She shook her head. They’d likely be dead before the hour was out anyway. Dead men didn’t settle debts.
Their bloody children did!
She relaxed her fists at her sides beneath the edges of her torn skirts. She wouldn’t give up that easily. She couldn’t.
“We should follow the tunnels to the kitchens and then try to make a break for the forest from there.” Everything in her screamed it a terrible idea but they wouldn’t sit there as lambs waiting to be slaughtered.
Before any of the children could respond, there came a thumping against the timbers at her back, enough to jolt her forward a little.
“Miss Penfold? Are ye in there?”
Eliza shook her head to silence the others, one finger against her lips.
“It’s us, Marcus and Duncan. The beggars are gone, it’s safe to come out.”
A second, more irritated, voice sounded, “How the hell do you open this bloody thing? Has to be a trigger or something. They could be bleeding to death. The captain will whip the skins from our backs for this.”
Eliza sighed and reached for the intricate lock holding the secret door closed. She turned it and then stood back, the others behind her, Ethan in the folds of her skirts, Gabriella’s hand clenched tightly in her own and Grace standing behind them all.
“Thank the gods,” Marcus exclaimed when he saw them huddled together.
Ethan stuck his head around and asked, “Did you kill them?”
Marcus smiled and squatted down to the boy’s level. “Didn’t have to. They ran off after Duncan put a bullet in one of them. He won’t die from it but I bet it bloody well hurts.”
“Mind your language please,” Eliza admonished gently but her heart just wasn’t in it. She was ridiculously glad to see the men but terrified of what would happen next. Her feet felt glued to the floor and she was suddenly more tired than she had ever been before.
“I would have killed them had they entered the house,” Nathanial assured them, as though he’d already been branded a coward and needed to defend his actions.

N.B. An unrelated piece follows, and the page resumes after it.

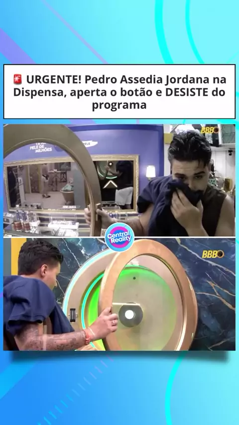 Confira o relato de Jordana: “Eu tava procurando o baby liss, que tem o grosso, médio e fino. Achei que o maior tava com a Aline lá em cima. O Pedro falou: ‘Na despensa deve ter mais’, e eu achava que eram só dois. Eu falei: ‘Vou ver’. Todo solícito, ele abriu e eu fui procurar. Eu não vou ficar excluindo ele, enfim... Ele pegou e entrou comigo na despensa, me pegou pelo pescoço e tentou me beijar. Eu falei: ‘Cê tá louco?’ e ele falou: ‘Tô fazendo o que tô com vontade’.”

“I know you would have,” Duncan replied but then his attention fell on Eliza and he waited for her to say something.
“Thank you.” It was all she could come up with as she stepped from the wall to survey the damage. A bitter wind howled into the room, drying any tears that might have come to her eyes. Eliza shivered.
“Will you come back with us to the house now?” he asked. “The captain is going to be furious when he returns.”
“Who were they? Was it Wickham? Harold?” Nathanial asked.
“Those two from the other day?” Duncan shook his head. “Younger. Fatter.”
More creditors? Eliza knew they had to say yes but she couldn’t form the words. Her gaze dropped to her hands, to the cuts, the blood, the sting. She focused on the pain as she nodded. It seemed it wasn’t even a choice anymore. Yes or no. Dead or alive. They were utterly ruined no matter how the day ended.
*
Darius was really quite good at hiding. In his younger years aboard ship, he had been adept at remaining hidden while captains thundered about looking for a lad to cuff or the battle raged, before he’d known know how to fight, how to defend himself, or take down a man twice his size. God, it had been years since he’d had the need to hide but he wasn’t such a proud man he didn’t know when it was wise to stay down rather than rush into the thick of things.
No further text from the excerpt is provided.